Dive Brief:
- Corporate investment banking company BNY Mellon did not violate Title VII of the Civil Rights Act of 1964 when it fired a woman because of social media activity, the 3rd U.S. Circuit Court of Appeals ruled (Bank of New York Mellon Corp., No. 20-2061 (3rd Cir., March 4, 2021)).
- The plaintiff, a senior control analyst, was fired after she posted a comment on a news article on Facebook "about a man who faced criminal charges for driving his car into a crowd of protesters," according to court documents. In response, the worker commented: "Total BS. Too bad he didn't have a bus to plow through." BNY Mellon fired the worker upon discovering her comment, and she sued. The worker claimed race discrimination under Title VII of the Civil Rights Act of 1964. A district court ruled for the employer on summary judgment.

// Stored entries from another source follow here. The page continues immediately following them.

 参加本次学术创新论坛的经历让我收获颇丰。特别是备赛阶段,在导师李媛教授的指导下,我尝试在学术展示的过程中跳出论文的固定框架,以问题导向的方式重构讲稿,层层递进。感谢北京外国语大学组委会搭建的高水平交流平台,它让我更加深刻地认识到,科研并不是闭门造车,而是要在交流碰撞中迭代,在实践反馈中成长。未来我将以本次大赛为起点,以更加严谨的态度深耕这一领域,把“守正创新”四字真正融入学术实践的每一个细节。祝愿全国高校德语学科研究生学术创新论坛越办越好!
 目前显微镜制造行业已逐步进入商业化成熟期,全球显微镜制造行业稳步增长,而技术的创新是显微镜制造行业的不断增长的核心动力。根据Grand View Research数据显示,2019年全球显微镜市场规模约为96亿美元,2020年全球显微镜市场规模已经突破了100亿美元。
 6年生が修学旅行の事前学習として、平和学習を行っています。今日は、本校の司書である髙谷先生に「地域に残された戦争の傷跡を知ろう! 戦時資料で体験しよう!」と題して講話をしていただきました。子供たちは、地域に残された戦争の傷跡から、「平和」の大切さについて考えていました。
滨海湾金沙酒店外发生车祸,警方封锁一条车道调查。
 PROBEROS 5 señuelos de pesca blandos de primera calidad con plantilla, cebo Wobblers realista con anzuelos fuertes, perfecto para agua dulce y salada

- The 3rd Circuit affirmed the lower court's decision, rejecting the worker's use of comparator evidence to prove her claim. The worker said that the company's decision to retain the two Black employees who also made controversial posts was evidence of discrimination. But neither comparator said anything "as extreme" as the plaintiff in their social media posts, the court said; "Though inappropriate and ill-advised, neither post encouraged mass violence against protesters, as [the plaintiff's] did." The court also rejected the plaintiff's counterargument that the differences between her and the comparators were pointless as BNY Mellon required all employees to follow its social media policy. "This argument might carry some force if the policy prescribed standard punishments, regardless of who a violator is or where she works, but instead it gives decision-makers broad discretion over how to discipline employees," the court responded.
Dive Insight:
The plaintiff in this instance claimed her employer violated Title VII by firing her for social media activity. It's more common, however, for workers to bring social media-related claims under the National Labor Relations Act (NLRA).

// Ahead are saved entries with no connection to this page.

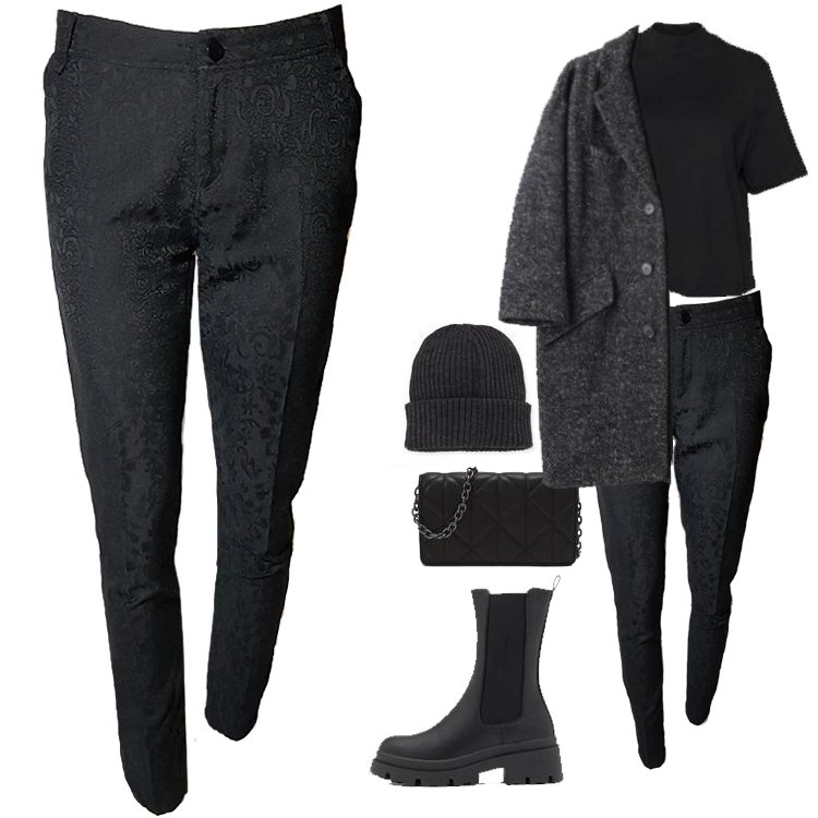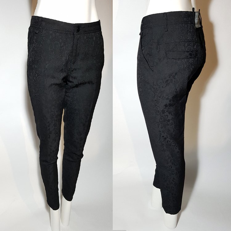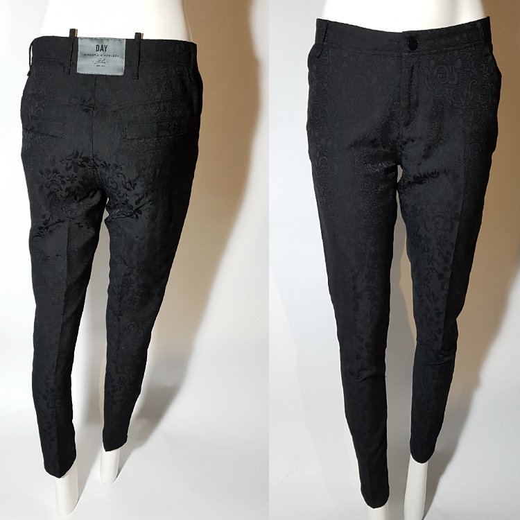 Spodnie damskie luksusowej skandynawskiej marki DAY Birger et Mikkelsen. Wykonane z żakardu w ornamentowy  koronkowy wzór. Krój cygaretek, nogawki zwężane do dołu, z kantem, z przodu kieszenie, pas z szlufkami, spodnie zapinane na zamek, z tyłu kieszenie z patkami.
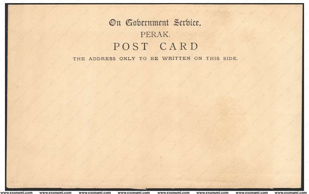 Sultanate of Perak - Official Postcard : On Government Service (1892)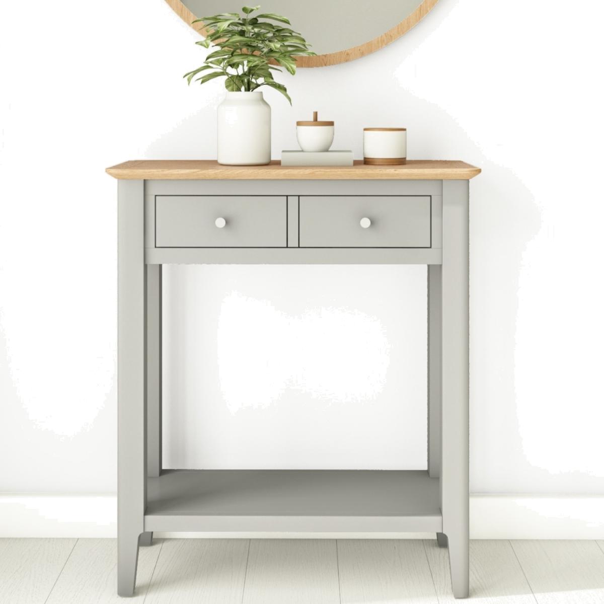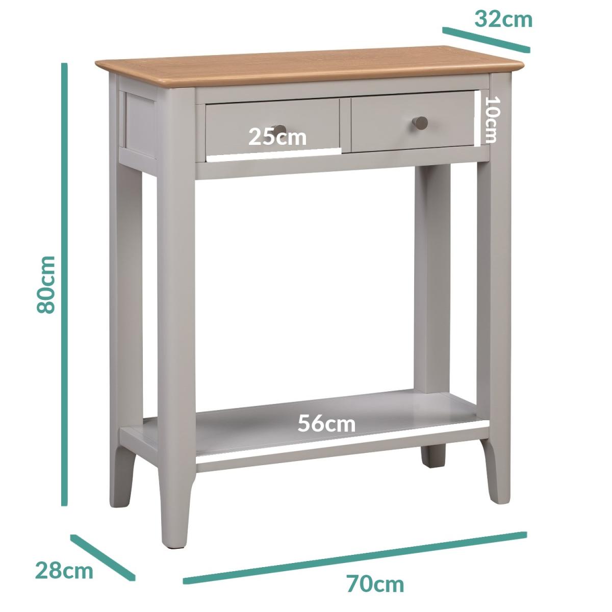 Features we love The elegant country design adds a sophisticated touch to any home. Two drawers and an exposed lower shelf for hallway essentials. Narrow design allows you to position it anywhere and save on space Oak top and grey painted finish. Assembly required All about me. This narrow grey and pale oak console table is an elegant yet practical storage solution offering a spacious drawer and an under-surface shelf for additional space which means you can keep your items out of sight. Need to know. Dimensions. H80 x W70 x D32 CM (give or take -/+ 3mm per measurement) Drawer dimensions. H10 x W61 x D14 CM Material. Oak/ Oak Veneer Finish. Grey Drawers. 1 Assembly. Yes.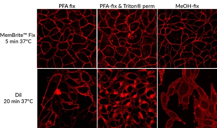 Due to their high water solubility, CellBrite® Fix and MemBrite® Fix dyes yield much more uniform fluorescent staining than lipophilic dyes like DiO and DiI. They are non-cytotoxic and do not readily transfer between cells, and also stain yeast and bacteria. Surface staining is well-retained after permeabilization or methanol fixation, with only a slight increase in intracellular fluorescence.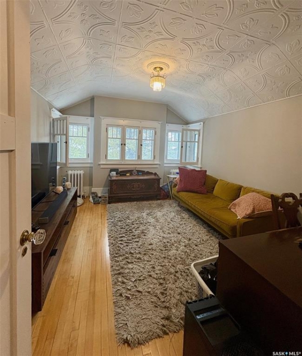 One-of-a-Kind Character Home in Yorkton, Saskatchewan. Located on historic Third Avenue North, this stunning character home is overflowing with curb appeal and timeless charm. The home showcases beautiful original details throughout, including leaded glass windows, hardwood flooring, original trim, vintage doors. These classic features are thoughtfully blended with modern upgrades to kitchen & bathrooms. Set on a large newly fenced lot, the property offers both privacy and space. The welcoming entrance features a natural gas fireplace & leaded windows with natural light. A spacious, separate living room connects to dining room through elegant French doors, creating a perfect space for entertaining. The updated kitchen complements the home's character while offering ample counter space, cabinetry, pantry, and direct access to back deck. Main floor washroom has been updated and includes a renovated laundry area. A solid oak staircase filled with natural light leads to the second level to an updated 4-piece bathroom, three large bedrooms, each featuring large windows for natural light and walk-in closets. Additional features include European chandeliers, exposed beamed ceilings, crystal door knobs and many unique architectural details that must be seen to be appreciated. Basement level offers even more possibilities. It has a newly updated interior entrance from the main level as well as separate private exterior entrance, making it ideal for extended family or potential revenue generation. Basement also includes a large family room with space for a kitchen/dining area, living room area, spacious bedroom, an updated 4-piece bathroom and utility/storage room. The oversized lot also boasts a heated and insulated double garage, a single detached garage, and a newly fenced back yard, providing great privacy with deck and fire pit to enjoy outdoors . Truly one-of-a-kind property blends historic charm with modern comfort and offers exceptional space both inside and out.

When workers use platforms such as Facebook and Twitter, they may engage in protected concerted activity — when "two or more employees take action for their mutual aid or protection regarding terms and conditions of employment," according to the National Labor Relations Board.
The NLRA provides protections for workers who take part in concerted activity, or talk about their employer or work situation, Ogletree Deakins Shareholder Jennifer Betts previously told HR Dive. She said employers should be careful when they are looking at undertaking adverse action tied to activity on social media. If an employee's activity on social media can be perceived as protected concerted activity, the employer could be violating the NLRA if it disciplines the employee for the conduct.
However, the NLRA doesn't cover every instance of social media use. A Texas school fired a teacher who asked former President Donald Trump via Twitter to "remove" undocumented immigrants from her school, on the belief that the message was private, according to The New York Times. The school determined that she had violated the school board's social media policy.